Al-Mirkaz
Al-Mirkaz is a small Palestinian hamlet located in the Masafer Yatta region of the Hebron Governorate, in the southern West Bank. It is administered under Palestinian local frameworks but lies within Area C of the West Bank, under direct Israeli civil and military occupation. The hamlet faces chronic challenges related to displacement, loss of infrastructure, and settler-related violence.
History and archaeology
The Masafer region is called after the Arabic words for 'traveling.'The site appears as "Mirkus or Mirkad", on Van de Velde's map of Palestine, charted in 1851-1852, and published in 1858.
According to the 1870s Survey of Western Palestine, Khurbet el-Merkez contained “traces of ruins,” including “foundations and heaps of stones.”
Al-Mirkaz was first settled by families from Yatta in the 19th century.

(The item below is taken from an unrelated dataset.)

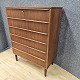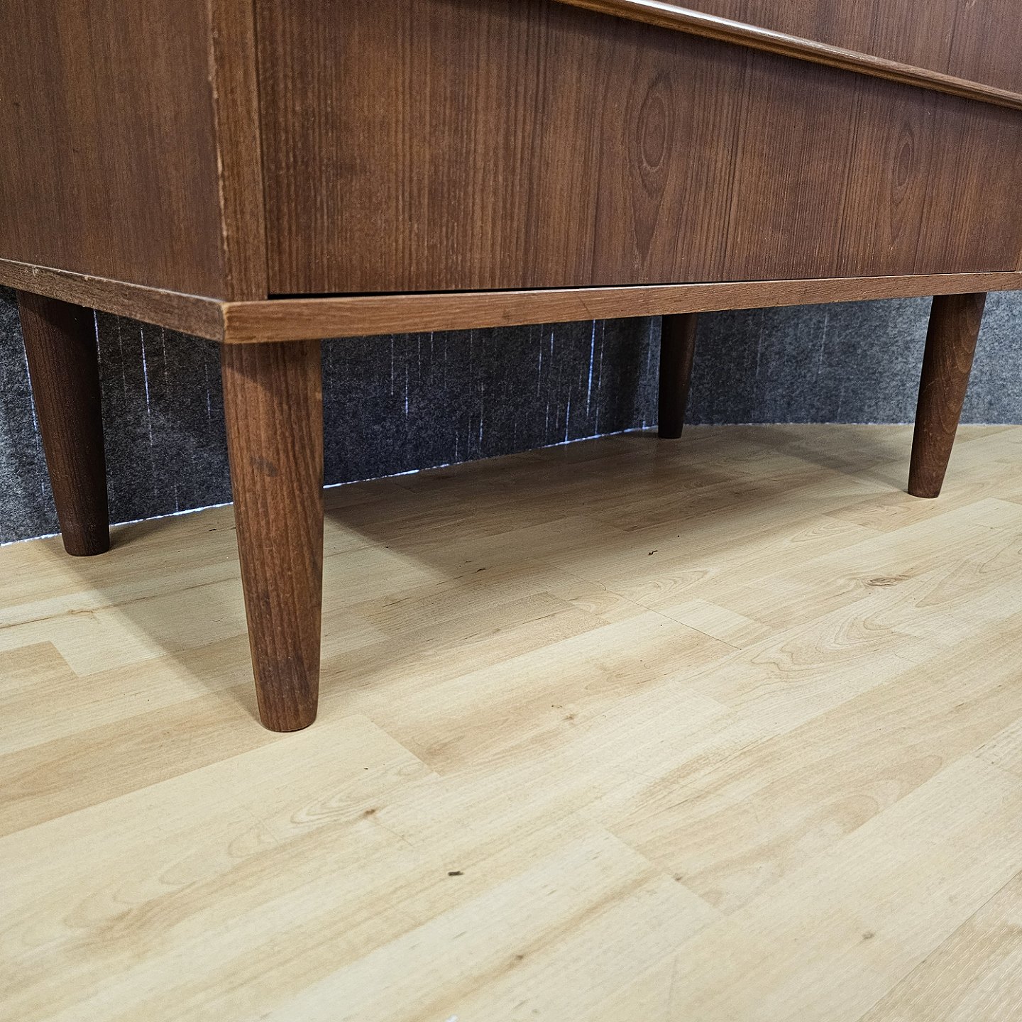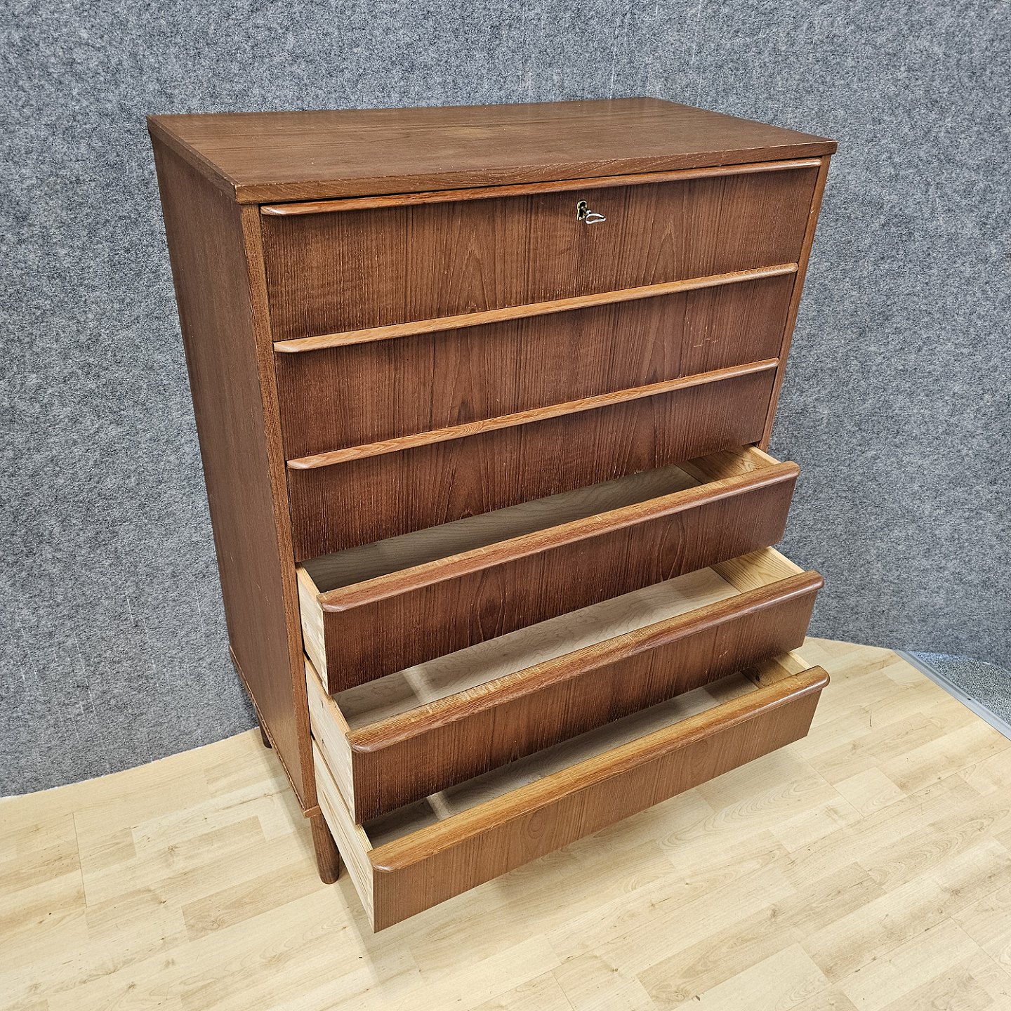 Teak kommode med seks skuffer. Der er fungerende lås og nøgle til øverst skuffe.

The area encompasses caves and terraced fields that local scholars and residents identify as part of longstanding seasonal and permanent habitation.
In the British Mandate Period, Al-Mirkaz's residents relied on a mixed agrarian economy of animal husbandry, orchard cultivation and field crops. Natan Shalem, the geographer who surveyed the area in 1931, recorded Markaz as one of the Yatta offshoot villages with caves, water cisterns, and cultivated fields, emphasizing its permanent nature long before 1967.
Khirbet al-Markaz was shelled during an Israeli assault of November 1966. UN Security Council records describe Israeli tanks and armored vehicles bombarding the settlement before troops entered and blew up houses. The Israeli state later argued that the area was only sporadically inhabited.
Legal-administrative context
Since 1967, Masafer Yatta—including Al-Mirkaz—has fallen within Israel’s declared Firing Zone 918, allowing routine demolitions and displacement under the Israeli military framework. A 2022 Israeli Supreme Court ruling upheld eviction orders affecting eight penalized hamlets in Masafer Yatta, potentially impacting over 2,000 residents.Al-Mirkaz’s residents frequently face demolition orders for homes, cisterns, and solar units due to the difficulty of obtaining Israeli-issued building permits. Many inhabitants rely on temporary structures and community cisterns.
The increasing persecution, harassment and violence have compelled many families to leave al-Mirkaz—a process NGOs described as ethnic cleansing.
Population and livelihoods
Local inhabitants are sedentary farmers, numbering approximately 150–300 in recent years. They speak Arabic and maintain livelihoods based on goat herding, olive cultivation, and grazing. Dependence on water tankers, solar panels, and community cisterns is common due to limited infrastructure access.Settler violence
In November 2025, several Palestinian, regional, and international media outlets reported a sharp escalation of Israeli settler attacks against the civilian population of al-Mirkaz accompanied by injuries, property damage, and growing insecurity for residents. According to Al Jazeera, settler violence intensified across the South Hebron Hills during this period, with assaults documented in and around the hamlet as part of a broader surge in West Bank attacks.Video published by the Times of Israel showed settlers assaulting Palestinians in the South Hebron Hills, consistent with additional reports identifying al-Mirkaz as one of the affected communities. A separate live report by the same outlet noted that seven settler attacks were recorded in a single night across the West Bank, indicating what it described as an intensifying pattern of violence that included incidents in the South Hebron Hills region.
More detailed accounts from regional and local agencies reported direct injuries in al-Mirkaz itself. Anadolu Agency stated that five Palestinians were wounded when settlers attacked residents with sticks and stones, damaging property before Israeli forces arrived. Najah News likewise reported settler groups entering the hamlet, assaulting residents, and vandalizing structures belonging to local families. The Egyptian newspaper Youm7 also reported injuries resulting from attacks on al-Mirkaz, describing beatings and extensive property damage.